It is a matter of personal opinion as to whether you agree with killing an animal for pest control. I'm entitled to mine and you are entitled to yours. Fact is that rodents can be pests, i'd like to see a counter arguement for that fact.


----------



## SarahC

cjdelphi said:


> Madhouse Stud said:
> 
> 
> 
> you're annoying me with your post, should you be killed?

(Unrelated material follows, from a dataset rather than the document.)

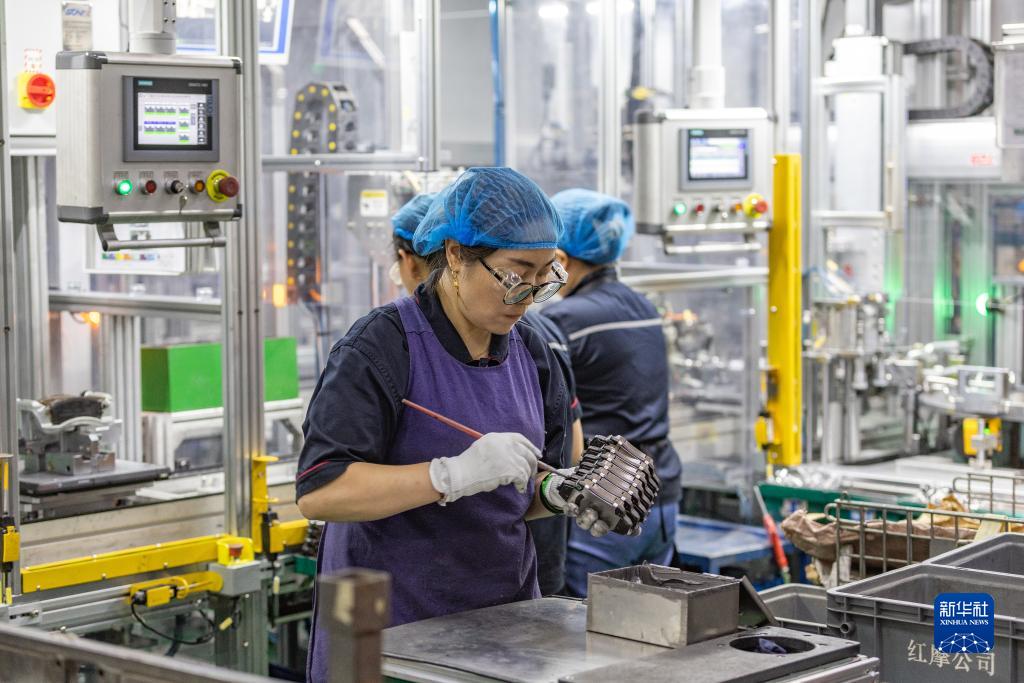 7月13日,工作人員在南方天合底盤(pán)系統有限公司車(chē)間內作業(yè)。

What you're telling me is wild mice should be dead and for what reason?
Click to expand...

I'm very much a live and let live person when it comes to nature.I was horrified when my grandfather found a nest of ants at the bottom of my garden and came in for a kettle of boiling water to pour on them,he never got it.I also left the wasps nest in the porch,they were very entertaining and never bothered us.I often think that the things we term pests and weeds are most like us,the tenacious survivors who get through despite or because of us.You've got to be realistic though.Wild mice multiply so fast,eat through fixtures and fittings,food supplies and paddle germs including salmonella through food areas.To top it all they attack your fancy mice and remove feet and tails given a chance.I would dispatch wild house mouse or wild rat because I see don't see an alternative option when they move in.If I see a practical realistic option then I take it,no squashed spiders in our house but fleas on the dog are exstinguished for obvious reasons.


----------



## Matt Haslam

SarahC said:


> no squashed spiders in our house but fleas on the dog are exstinguished for obvious reasons.


This sentence I whole heartedly agree with. That is why it is called 'pest' control. only when something becomes a pest, that is, damaging or a dangerous nuisance, should it be evicted.


----------



## cjdelphi

insects are one thing..... Animals are another...

Counter argument?... Im yet to hear your valid reason for killing a creature simply because they might enter your home...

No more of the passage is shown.